In the first half of this year, EU member states plus Norway and Switzerland received 399,000 applications for international protection, a 23 per cent decrease from the year-earlier period, according to data released by the European Union Agency for Asylum (EUAA) on Monday.
If extrapolated for the whole year, the figure would imply a fall from the million-plus asylum applications received in 2023 and 2024, which were consistent with the record numbers seen during the migration crisis of 2015-2016.
“Europe’s asylum landscape underwent a series of significant shifts in the first half of 2025,” the EUAA wrote in its mid-year report. “Following the ousting of the Assad regime in December 2024, far fewer Syrians applied for asylum during the first half of 2025.”
“A majority of applications continued to be lodged by citizenships with low recognition rates in the EU+… [and] the EU+ recognition rate for the first half of the year stood at 25 per cent, which is the lowest overall semi-annual or annual recognition rate on record,” it said.

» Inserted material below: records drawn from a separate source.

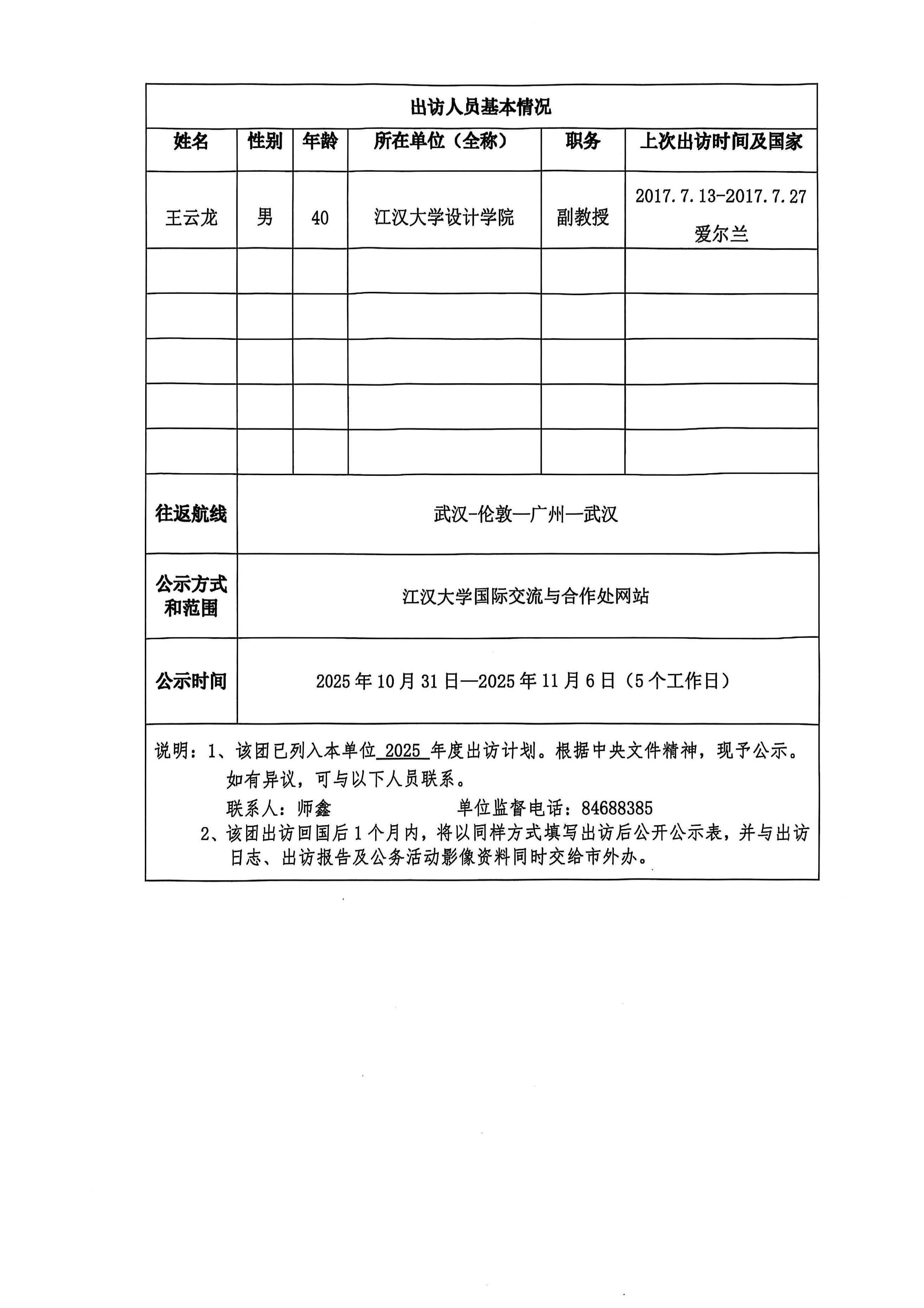 王云龙团组 因公临时出国(境)团组和人员信息公开公示表 (出访前)
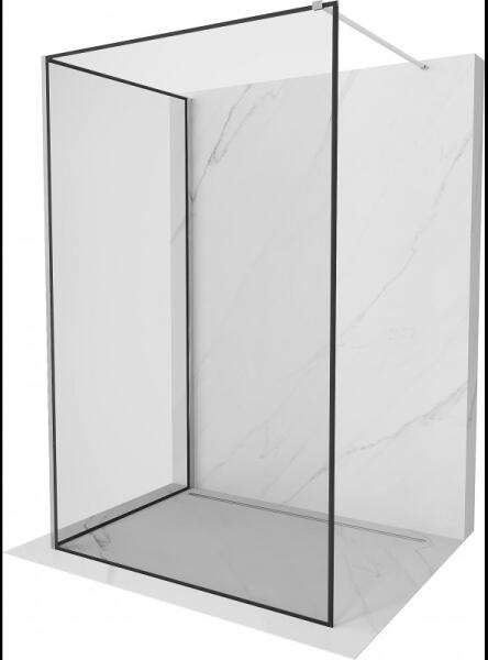Fali profillal a falra szerelhető fekete pengefal törölközőtartóval 8 mm-es Easy Clean edzett üvegből. |Méret: 110 cm|Magasság: 200 cm|Profil színe: fekete|Üveg: átlátszó|8 mm vastag Easy Clean vízlepergető bevonattal ellátott edzett üvegből gyártjuk, mely elsőrendű megoldás vízkőfoltok, lerakódások megakadályozására. |Az állítható takaróprofil lehetővé teszi a
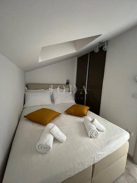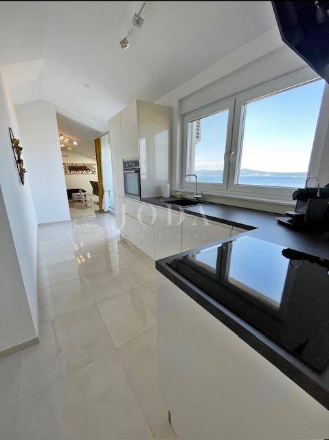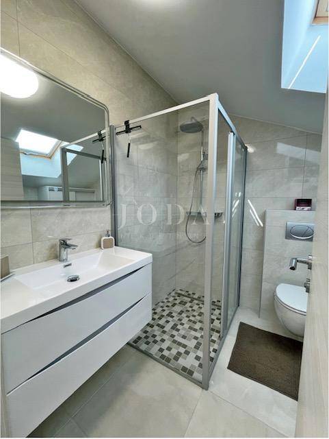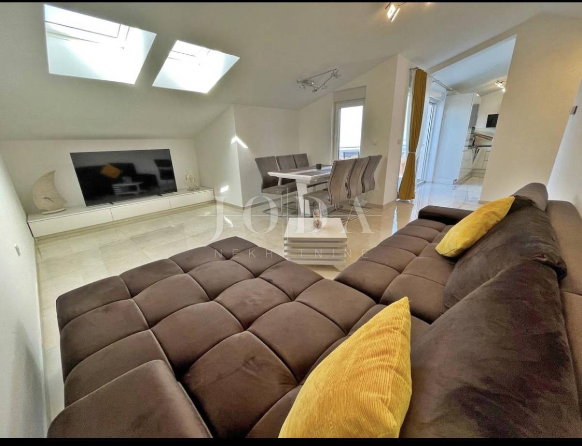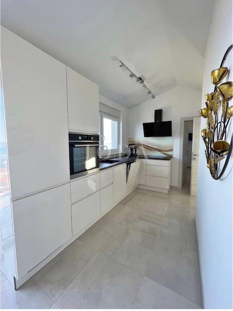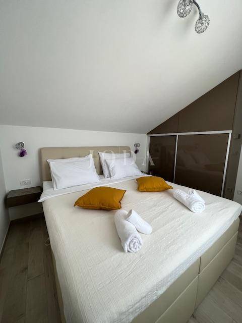 Posredujemo u prodaji modernog stana u Crikvenici, smještenog u visokom potkrovlju zgrade izgrađene 2020. godine. Sastoji se od ulaznog hodnika, kupaonice, dvije spavaće sobe, funkcionalne kuhinje s blagovaonicom, prostranog dnevnog boravka te terase s koje se pruža očaravajući pogled na more.
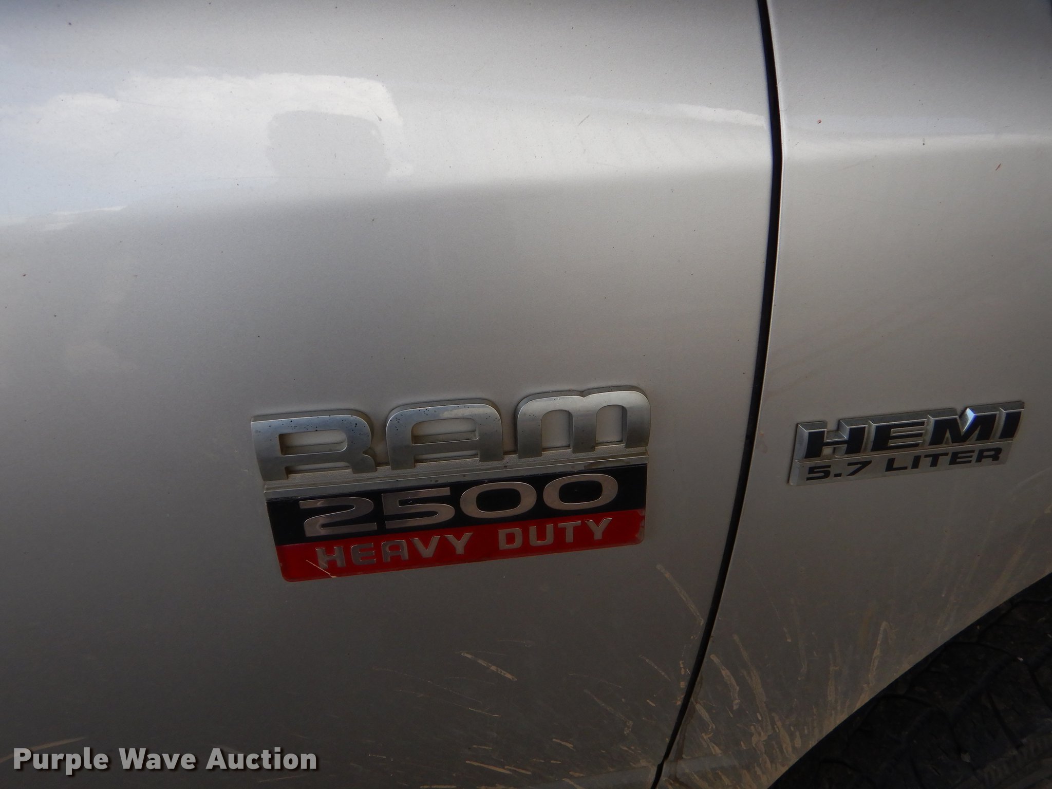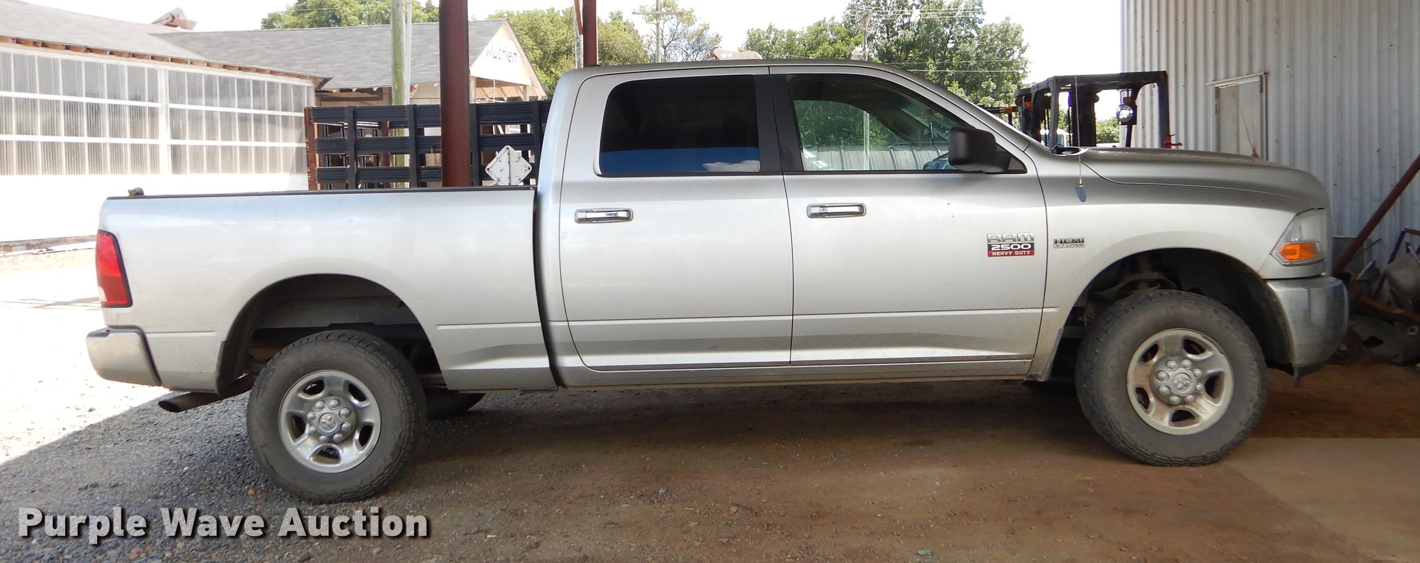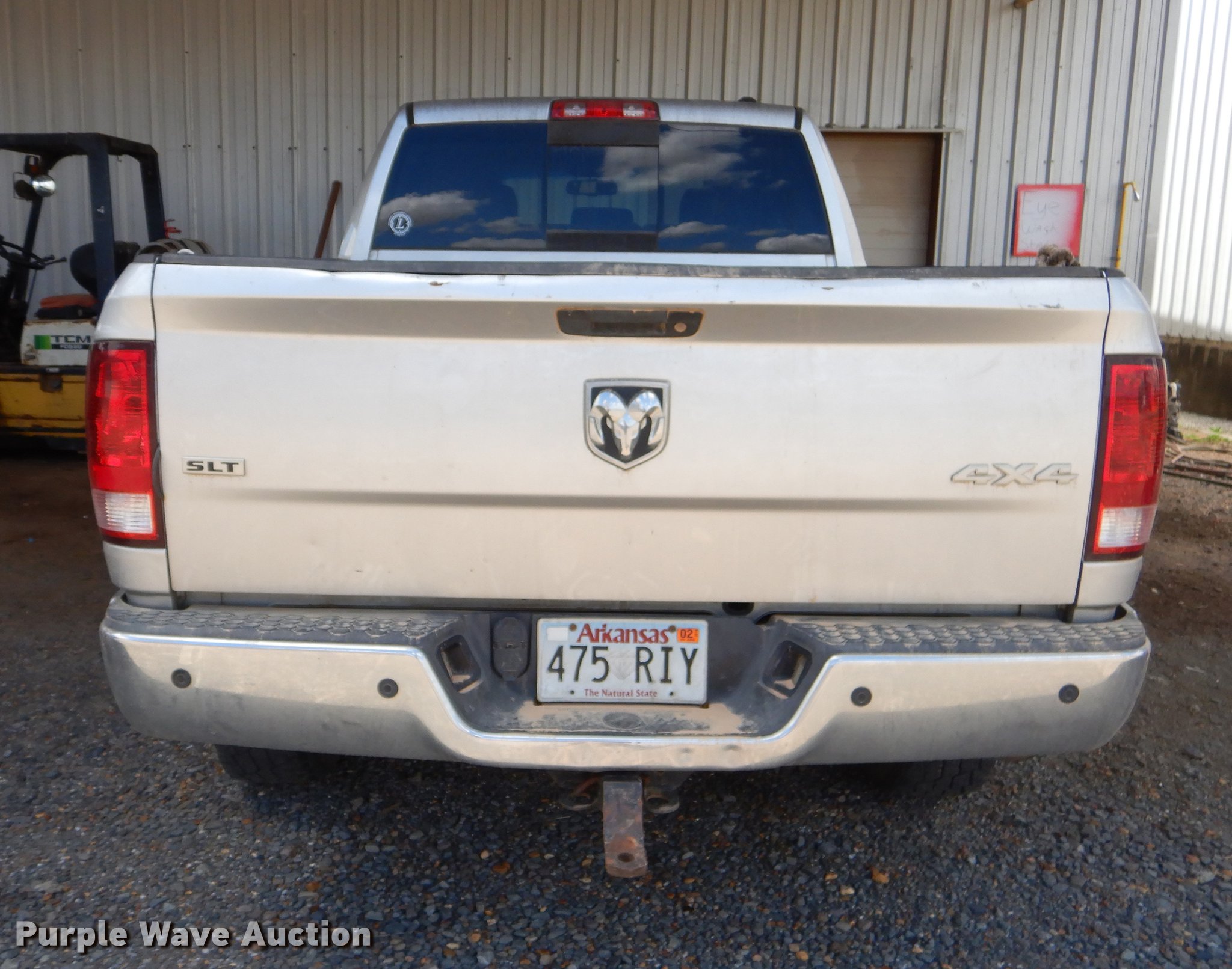 Purple Wave is selling a used 3/4 or 1 Ton Pickup or Van in Arkansas. This item is a 2012 Dodge Ram 2500HD SLT Quad Cab pickup truck with the following: 185,091 miles on odometer, 5.7L V8 OHV 16V gas engine, Automatic transmission, Four wheel drive, AC, Tilt, Cruise, AM/FM/CD, Power windows, locks, and mirrors, Bed liner, Receiver hitch, 265/70R17 tires, Possible engine issues
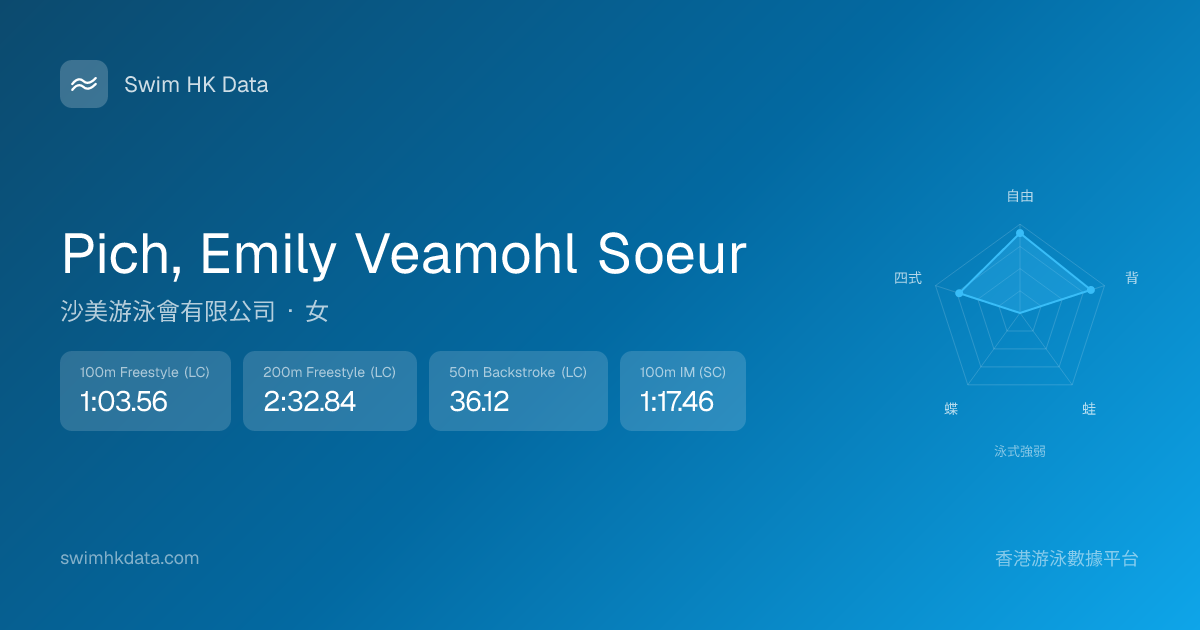 此圖表根據你所有比賽成績計算,顯示你在各泳式的相對強弱,僅供參考。繼續努力,每一次練習都會讓你更快更強!💪
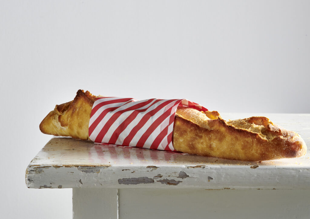 1 Helles Baguette mit Tomaten, Mozzarella, Pesto und Rucola
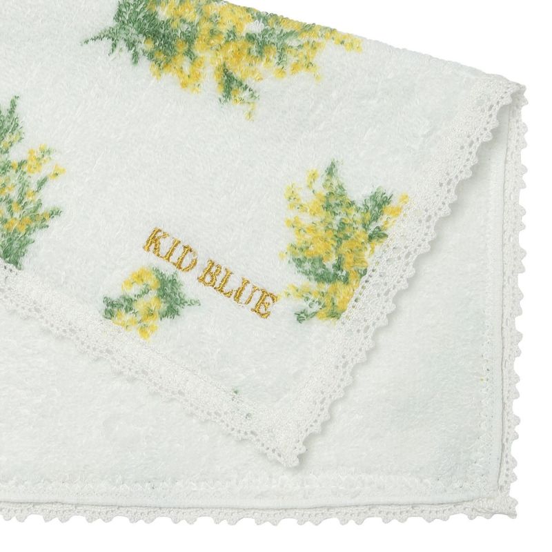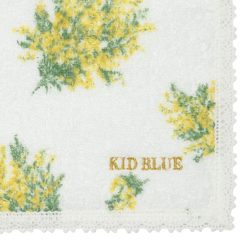 華やかで品のあるミモザブーケ柄がプリントされたタオルシリーズ。綿100%でふんわりと心地いい肌触りが特徴です。KID BLUEのロゴ刺繍入り。爽やかな印象の2色展開。

The new data showing the fall in asylum applications comes as anti-immigration parties across Europe are gaining support, including in the Czech Republic where a general election will be held next month. In Poland, the recent presidential election, ultimately won by Karol Nawrocki, was dominated by candidates who want tighter immigration controls.
The EUAA said that bucking the falling trend were 16,000 applications from Ukrainians, who lodged 29 per cent more during the 12 months leading up to June. France accounted for nearly half of all Ukrainian asylum applications, whereas Poland accounted for almost a third.
The 399,000 asylum applications during the first half of 2025 translate to nearly 859 applications per million inhabitants, or one application per 1,164 residents. Hungary, the agency noted, stands out among EU+ countries for allowing an exceptionally low number of asylum-seekers to lodge applications, just 47 during the first half of 2025 despite a population exceeding 9.5 million. “This is likely due to Hungary’s special rules which limit access to the asylum procedure by requiring applicants to submit a letter of intent at a Hungarian diplomatic mission in a non-EU country prior to their entry to Hungary,” it said.
The EU+ countries also grant temporary protection, which the Council of the EU has extended for Ukrainians fleeing Russia’s aggression against Ukraine until March 2027.
At the end of June there were about 4.5 million beneficiaries of temporary protection in the EU+ who had fled Ukraine following Russia’s full-scale invasion. Nearly half of all beneficiaries of temporary protection were in Germany (1.2 million) and Poland (just under 1 million). Czechia hosted the most beneficiaries per capita (35,000 per million inhabitants, or 1 beneficiary for every 29 residents). Slovakia was hosting a much lower number of beneficiaries (133,000) yet exhibited a similar per-capita distribution of 1 beneficiary for every 41 residents.